Wednesday 20 May 2015

Hebrews 10:5-10 – Christ, the effective sacrifice

Christ was not just the perfect sacrifice, He was also the effective sacrifice.  In verses 5-7, the author did an unusual thing. He literally took the words of David from Psalm 40 and put them on the lips of Christ. In these verses, once again, the inadequacy and ineffectiveness of animal sacrifices was re-iterated. God did not take pleasure in those sacrifices. Why? It was because the sacrifices were offered only as a formality. The people had turned something God provided into a mechanical ritual, instead of heartfelt repentance and faith. The sacrifices were offered up with neither the willingness of the heart to draw near to God nor the desire to please Him. Many times we see in the Old Testament how the Lord said, that His desire was for obedience more than sacrifice. In Psalm 51:16-17 we read, “For Thou dost not delight in sacrifice, otherwise I would give it; Thou art not pleased with burnt offering. The sacrifices of God are a broken spirit; a broken and a contrite heart, O God, Thou wilt not despise.” David knew that sacrifices and burnt offering could not remove the guilt of his sins. Otherwise, he would have easily offered them and fixed the guilt of his sins. But he knew that only a repenting heart and the willingness to walk in obedience could please God.

In verse 7, the author then showed Christ’s willingness to come and be the sacrifice. Christ knew that it was the Father’s will for Him to come as the sacrifice. In saying that “…a body Thou hast prepared for me;” God was seen to have planned for Christ’s incarnation. This thought here would also refute the late 1st century teaching of Gnosticism. Jesus did not just seem to be human but that He was truly human. Here we also see Christ responding by saying, “Behold, I have come to do Thy will, O God.”  Christ consciously and deliberately offered His life to God to do His will. The statement, “… in the roll of the book it is written of me …” suggests that the Old Testament writings already anticipated the coming of this Messiah in human form. The will of God that Christ came to fulfill was to lay down His life for the redemption of mankind.  

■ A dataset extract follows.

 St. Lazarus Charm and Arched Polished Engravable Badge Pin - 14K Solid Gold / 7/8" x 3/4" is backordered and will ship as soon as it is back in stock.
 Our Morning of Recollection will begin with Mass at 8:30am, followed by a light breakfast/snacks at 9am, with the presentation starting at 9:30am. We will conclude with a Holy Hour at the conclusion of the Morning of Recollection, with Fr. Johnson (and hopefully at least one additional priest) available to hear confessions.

In verses 8 and 9, the author repeated what he said in the previous two verses. Here, he identified four Old Testament sacrifices and offerings. The term “Sacrifices” refers to peace offering; the “offerings” were probably those voluntary “meal offerings;” the burnt offerings would be the sacrifices that were wholly consumed. The “sacrifices for sin” would refer to that class of sacrifices stipulated in Leviticus 4-5. All these were only types that were foreshadowing the work of Christ. 

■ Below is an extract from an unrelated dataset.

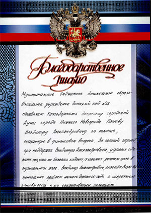 «Муниципальное бюджетное дошкольное образовательное учреждение детский сад № 38 объявляет благодарность депутату городской Думы Нижнего Новгорода Панову Владимиру Александровичу за помощь, оказанную в финансовом вопросе. За летний период при поддержке Владимира Александровича удалось сделать то, что не делалось годами, а именно - ремонт пола в музыкальном зале.

Verse 9; concerning Christ’s coming to do God’s will, is a great statement when properly understood. He literally came into the world to do the will of God. He was on earth and every day of His life He sought to do the will of the Father. In John 4:34, He said, “My food is to do the will of Him who sent Me, and to accomplish His work.” And despite the tremendous weight and pain, He said to the Father, “Not my will, but thine, be done.” As a true man, Jesus was tempted to do the things human so often would do. But Christ’s response to every tempting moment had always been, “Father not my will but yours be done.” And He did that in a human physical body, what no fallen human being had done and will ever do. He constantly obeyed God.

However, Christ came from eternity where His will had always been in harmony with God and He took on human flesh. In human form, Christ continued to harmonize His will with the Father’s. While on earth, Christ lived by the Word of God perfectly. And He did it with great joy. This formed the basis on which God was totally satisfied. His was a life of total obedience. He was the only person, whose personal will merged with God’s will in totality. The will of God that had never been obeyed to its fullest by any man, Christ completely accomplished them. His action had removed and abolished the Mosaic Covenant and its sacrificial system. And in its place God now established the second, the New Covenant. This was God’s will and it satisfied Him. Christ’s offering of Himself superseded the Levitical sacrifices in that it justified the believers and set them apart to God, once and for all times. Christ had set us a standard to emulate. Let’s be totally obedient to the Father! Let’s live to please Him and Him alone!